In all of the above-described calcium hypochlorite granulation techniques, drying is in devices such as a belt dryer or a tray type of dryer. A belt or tray type of dryer is used to minimize dust formation and dust entrainment in the drying atmosphere. Thermal degradation is a problem in these types of dryers, however, because the drying rates are relatively slow and calcium hypochlorite is thermally sensitive.

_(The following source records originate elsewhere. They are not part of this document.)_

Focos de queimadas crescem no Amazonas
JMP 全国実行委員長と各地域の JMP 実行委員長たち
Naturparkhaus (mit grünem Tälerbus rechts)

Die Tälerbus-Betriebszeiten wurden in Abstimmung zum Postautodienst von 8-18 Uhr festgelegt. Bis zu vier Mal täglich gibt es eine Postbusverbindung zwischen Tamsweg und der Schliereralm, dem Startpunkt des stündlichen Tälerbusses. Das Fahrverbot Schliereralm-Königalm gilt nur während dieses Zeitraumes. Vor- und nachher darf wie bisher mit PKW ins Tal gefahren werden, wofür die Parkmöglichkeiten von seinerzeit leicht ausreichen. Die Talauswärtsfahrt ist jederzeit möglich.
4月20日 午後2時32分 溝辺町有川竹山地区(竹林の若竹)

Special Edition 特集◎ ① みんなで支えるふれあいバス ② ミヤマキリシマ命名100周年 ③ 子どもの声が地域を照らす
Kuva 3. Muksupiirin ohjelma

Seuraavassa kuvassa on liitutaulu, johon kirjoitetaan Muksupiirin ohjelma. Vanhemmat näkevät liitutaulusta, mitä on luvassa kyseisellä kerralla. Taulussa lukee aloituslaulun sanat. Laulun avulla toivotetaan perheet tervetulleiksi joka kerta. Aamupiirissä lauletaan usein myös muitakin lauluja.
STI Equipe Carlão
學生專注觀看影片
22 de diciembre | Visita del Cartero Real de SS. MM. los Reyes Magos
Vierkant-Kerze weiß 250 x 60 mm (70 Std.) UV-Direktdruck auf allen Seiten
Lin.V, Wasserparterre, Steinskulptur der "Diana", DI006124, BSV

An alternate approach has been developed through the use of a spray graining technique to produce product granules. Generally, the spray-graining technique employs the spraying and drying of calcium hypochlorite slurries to avoid filtration and drying problems. This technique also minimizes the loss of calcium hypochlorite due to thermal degradation by reducing the required drying time. A key consideration in this technique is the fact that calcium hypochlorite is susceptible to rapid chemical decomposition in the presence of moisture at temperatures only slightly above ambient room temperatures. The thermal stability of calcium hypochlorite improves as the water content is reduced. Spray graining techniques have been perfected to produce granular calcium hypochlorite particles with layers of calcium hypochlorite encapsulated in a smooth rounded granule. However, the apparatus necessary to produce these granules in a fluidized bed or rolling bed dryer, as well as the necessary careful control of conditions, have made this a costly technique. Also, the use of a rotary drum results in the buildup of moist materials on the inner drum walls that requires labor intensive scraping of the walls to remove.

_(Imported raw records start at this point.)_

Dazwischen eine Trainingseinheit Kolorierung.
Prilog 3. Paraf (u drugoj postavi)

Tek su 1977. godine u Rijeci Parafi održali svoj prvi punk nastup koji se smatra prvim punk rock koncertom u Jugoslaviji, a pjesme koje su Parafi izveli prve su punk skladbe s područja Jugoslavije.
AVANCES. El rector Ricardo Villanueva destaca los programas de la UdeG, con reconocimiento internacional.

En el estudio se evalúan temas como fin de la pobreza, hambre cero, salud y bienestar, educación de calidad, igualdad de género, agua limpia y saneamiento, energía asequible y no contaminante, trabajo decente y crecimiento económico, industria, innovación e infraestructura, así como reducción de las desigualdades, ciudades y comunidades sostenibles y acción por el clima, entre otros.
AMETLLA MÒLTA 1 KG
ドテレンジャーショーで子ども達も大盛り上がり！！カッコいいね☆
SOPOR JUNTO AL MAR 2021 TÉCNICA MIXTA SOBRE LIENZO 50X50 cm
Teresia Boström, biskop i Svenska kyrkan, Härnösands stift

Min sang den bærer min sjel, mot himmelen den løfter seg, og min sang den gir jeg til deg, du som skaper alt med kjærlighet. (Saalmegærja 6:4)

Further, the techniques adopted to produce calcium hypochlorite have not necessarily led to the production of a durable granule of a particular size and shape that dissolves quickly in water. Dust produced from the recycling of particles during the manufacturing process normally must be compacted. These compacted particles are normally dense. These and other particles cannot dissolve completely when the granules are distributed on the surface of a swimming pool. Undissolved residue in pools is undesirable in calcium hypochlorite product, being aesthetically displeasing and possibly leading to the bleaching out of the color in pool liners when the residue settles on the bottoms of the pools.
Further, the highly corrosive nature of calcium hypochlorite takes its toll on the apparatus employed in its production. Where pressure or preform rollers and granulators are employed, costly regular replacement or repair of the equipment must be accomplished every year or two since rapid oxidation of the exposed metallic parts occurs. The preform rollers press the partially dried and filtered cake into thick sheets at high pressures, for example up to 1000 pounds per square inch. The pressed sheets are then fed into the granulators where the sheets are broken up into small particles by rotary blades forcing the product through screens of predetermined size to create more surface area for drying. These screens and blades are especially susceptible to corrosion.
Other costly handling equipment, such as elevators and conveyors, must be used to transport the filtered cake and crushed particles to, between, and away from the compressive and granulating apparatus.
These and other problems are solved in the application of the process to produce the agglomerated product particle comprising the present invention.